Im selben Jahr entschieden in London die Law-Lords, dass Ex-Staatschefs wie der frühere chilenische Präsident Augusto Pinochet keine hinreichende Immunität genießen, um sich Anklagen wegen Verbrechen gegen die Menschlichkeit im Ausland entziehen zu können. Wenn auch beide Entscheidungen einen sehr konkreten realpolitischen Hintergrund hatten und Pinochet letztlich wieder nach Chile fahren konnte, die Menschenrechte sind seit Ende des Kalten Krieges immer mehr ein Faktor der internationalen Politik geworden. Wie sonst wäre es möglich gewesen, dass man sich bei der Kosovo-Intervention "aus humanitären Gründen" sowohl über die staatliche Souveränität als auch über die Autorität der UNO hinweggesetzt hat?

Auch nicht-westliche Staaten sind sich der Bedeutung der Menschenrechte in den internationalen Beziehungen immer mehr bewusst. So hat Algerien im März 2000 vier Menschenrechtsorganisationen, Amnesty International, Human Rights Watch, die Internationale Föderation für Menschenrechte und Reporter ohne Grenzen, eingeladen, um sich ein Bild von der Situation im Lande zu machen. Auch wenn sich der algerische Staatspräsident noch kurz vorher gegen eine Beeinträchtigung der nationalen Souveränität ausgesprochen hatte, so konnte die Einladung an die Menschenrechtsorganisationen doch als ein Anzeichen dafür gewertet werden, dass man die Zeichen der Zeit erkannt hatte.

Russische Zugeständnisse

Und auch wenn Russland den Krieg gegen Tschetschenien immer wieder als Kampf gegen Terroristen rechtfertigt, so musste man doch dem Drängen verschiedener internationaler Organisationen, NGOs und Intellektueller nachgeben und den Besuch der Hochkommissarin für Menschenrechte zulassen.

Die alte Regel, wonach ein Staat, in Ausübung seiner souveränen Rechte, gegen eigene Bürger willkürlich verfahren konnte, erscheint heute gründlich durchbrochen. Auch die Behandlung der eigenen Staatsbürger wurde eine Angelegenheit von internationaler Relevanz.

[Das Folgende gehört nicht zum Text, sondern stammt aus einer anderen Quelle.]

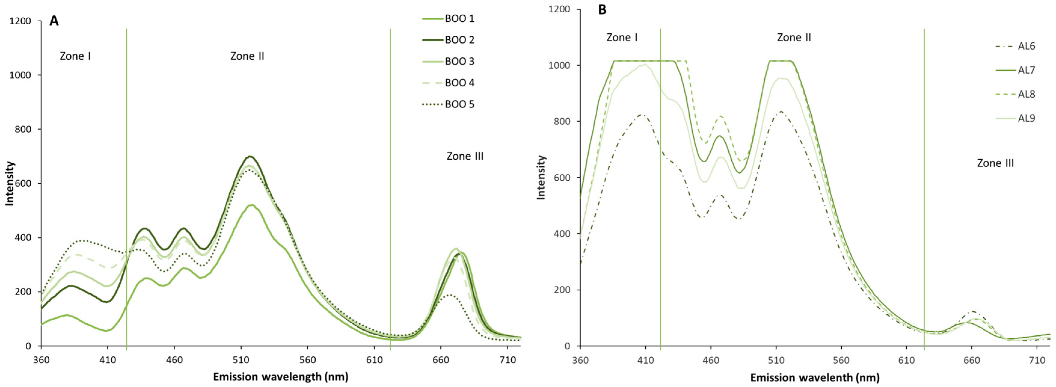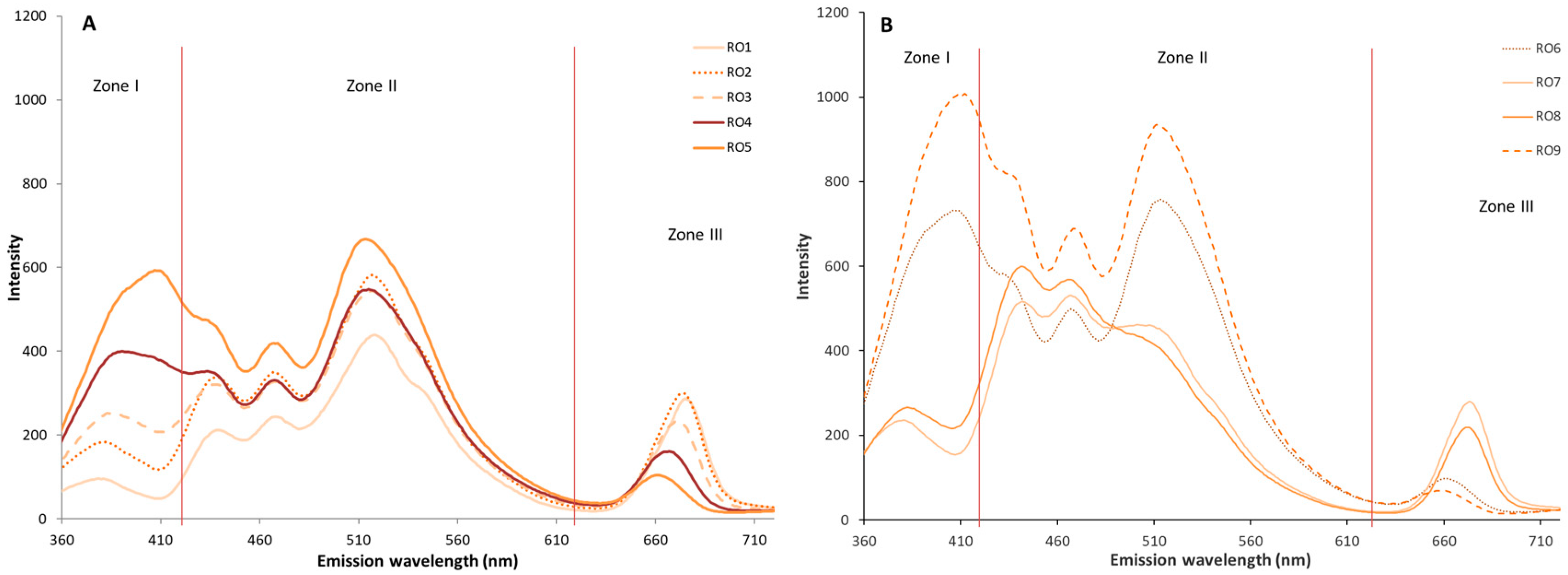 3.4. Comparative Study of Autofluorescence Spectra in Flavored and Unflavored Virgin Olive Oils

Internationale Ahndung von Kriegsverbrechen

Dem kann man natürlich entgegenhalten, dass die zahlreichen internationalen Verträge, die zu diesem Thema seit dem Zweiten Weltkrieg unterzeichnet wurden, die Allgemeine Erklärung der Menschenrechte miteinbezogen, vielfach nicht angewandt wurden. Aber immerhin: Zum ersten Mal werden nicht nur Staaten, sondern auch Personen verantwortlich gemacht; Kriegsverbrechen, Völkermord und Verbrechen gegen die Menschlichkeit bekommen immer mehr den Charakter von Vergehen, die international geahndet werden können.

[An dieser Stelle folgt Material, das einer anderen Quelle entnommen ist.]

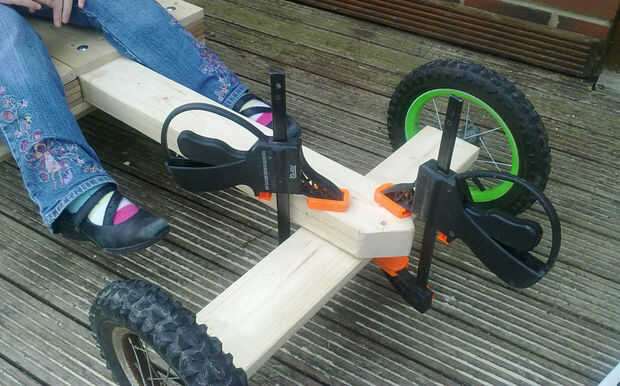 Para la dirección tenía uno de mi niños sentarse en el carro y mantenga sus brazos hacia fuera, luego funcionó una longitud de la cuerda de un ojo en el eje delantero a otro mientras que ella llevó a cabo en la misma. Después atado la cuerda de una longitud cómoda.

Das "Jugoslawien-Tribunal" und das "Ruanda-Tribunal" sind dafür genauso ein Beispiel wie der Vertrag über die Errichtung eines Ständigen Internationalen Strafgerichtshofes. Wie lückenhaft all diese Initiativen auch noch sind, eines kann man wohl sagen: Die Souveränität ist kein absoluter Wert mehr.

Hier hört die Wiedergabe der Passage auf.